By Ann Roosevelt

U.S. Joint Forces Command (USJFCOM) trainers this month are in Djibouti to assess the effectiveness of pre-deployment training for the Combined Joint Task Force Horn of Africa (CJTF HOA) headquarters staff, and where improvements could be made, officials said.

“In every evolution that we do and each turnover we have of staffs and so on we find some things to make the next unit even better as they come in here,” retired Marine Lt. Gen. Emil Bedard, senior mentor supporting JFCOM’s Joint Warfighting Center, in a telephone roundtable with reporters from Djibouti this week.

CJTF HOA Commander Rear Adm. Anthony Kurta said there was no gap in the training, but the training gave them a leg up on the mission. The day they arrived they were assigned an operational planning task and were able to do it successfully. That was because the training dealt with working with embassies, cultural awareness and situational and political awareness, all of which came from the training. “We have continually been able to perform the mission…[a] testament to the training received at JFCOM.”

The 26-member assessment team is always looking to improve the “solid and sound” program.

Marine Col. Douglas Stilwell, JFCOM J7, the Joint Training Directorate, said the joint and interagency team has the benefit of year-round traveling as deployed training teams observing the best practices and gathering insights from every joint command in existence. What they glean is relayed to those they are training at the moment–in this case, CJTF HOA.
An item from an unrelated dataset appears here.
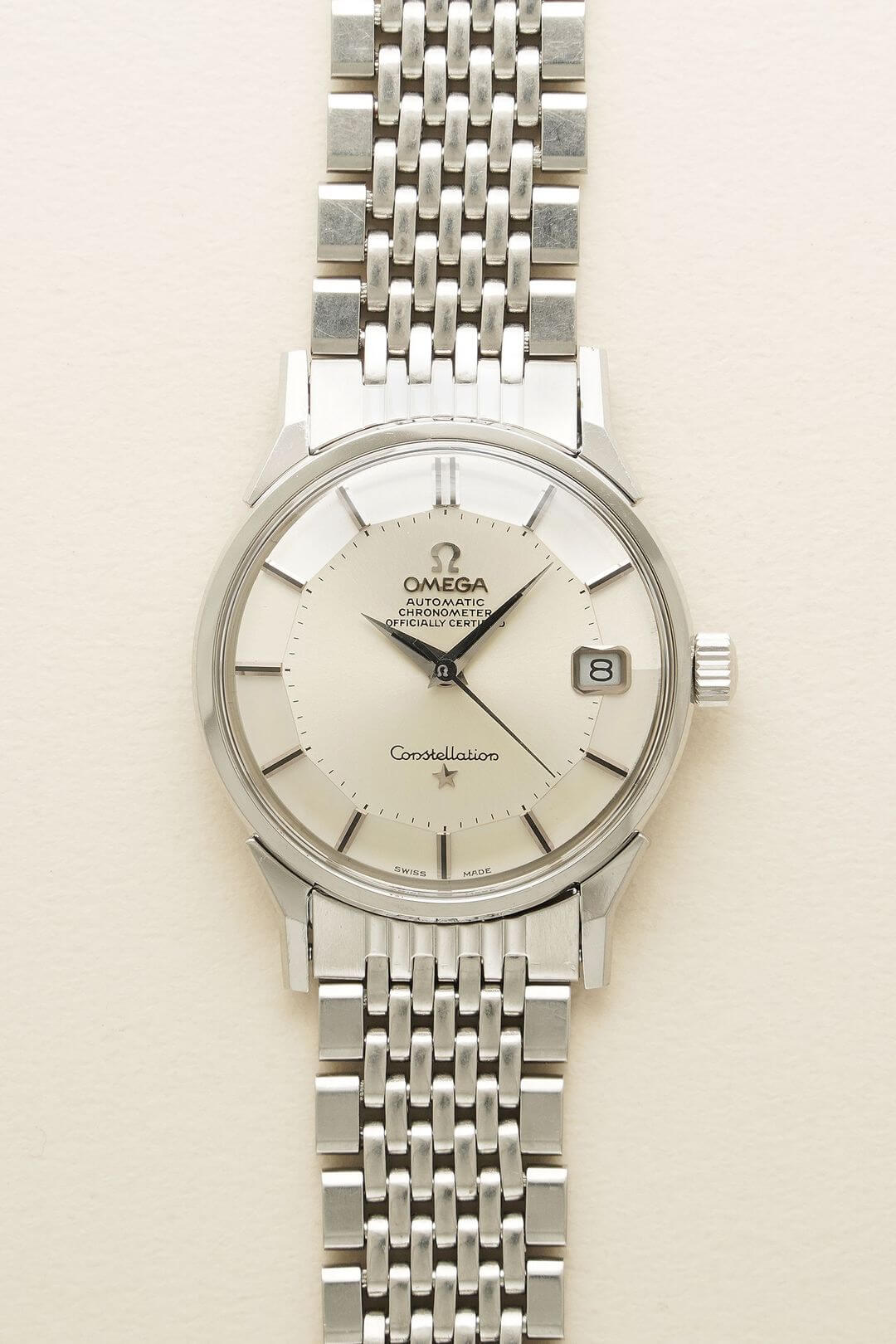 今回は、シンプルでありながらスポーティーな要素も併せ持ち、伝統的な落ち着きと美しさを兼ね備えたモデル、Ref.168.005SPのご紹介です。オメガが製造した12角モデルは、約10年という短い期間しか生産されなかった希少なモデルであり、コンステレーション初期の象徴として、多くのアンティークオメガ愛好家を魅了してきました。さらに、裏蓋には「天文台の観測ドーム」が刻まれており、時計の精度を競う天文台コンクールで常に優秀な成績を収めてきたことを物語っています。

What the team learns during the assessment will be provided in an after action report and a commander’s summary report.

One thing the team is considering is how to provide more in-depth cultural awareness training and as early as possible, Bedard said. Here is where industry could help by providing more experts or tools an individual could use for the training. Another area of examination is the relationships between the command and U.S. Africa Command, which has replaced U.S. Central Command in the chain of authority. Training must ensure that the relationships and how they work are properly understood.

Jan. 10-16 the CJTF HOA headquarters staff wrapped up their period of training with a mission rehearsal exercise (Defense Daily, Jan. 15). The goal of JFCOM’s training was to provide realistic scenarios for the staff as they prepared to deploy.

Kurta said, “Our mission here is to deal with problem areas before they become areas of the world where more kinetic solutions might be called for.”

The command uses a whole of government approach, working through the ambassador and country team in each nation in its purview to counter “violent, extremist, organizations” using an indirect approach called 3-D: development, defense and diplomacy, Kurta said.

For example, CJTF HOA Deputy Commander Brig. Gen. Christopher Leins said this non-kinetic, indirect approach means things such as the impact of the dozen or so NCOs working with Uganda to develop an NCO academy. The troops influenced the academy culture and became part of the local community. The troops used their own money to buy and plant more than 600 fruit trees, while training soldier skills. On the walls of the academy can be seen the Ugandan soldier ‘s creed, much of which has been pulled directly from the U.S. Army’s creed.

Bedard noted the differences over the past years. The “Black Hawk down” incident occurred in October 1993. Just a few days later he was put on a joint task force in Somalia. He met other task force members at the airport, received their orders and were joined piecemeal by other staff over the next month.

“We have climbed the mountain in terms of how far we’ve come,” he said.

Kurta said: “the training never stops.”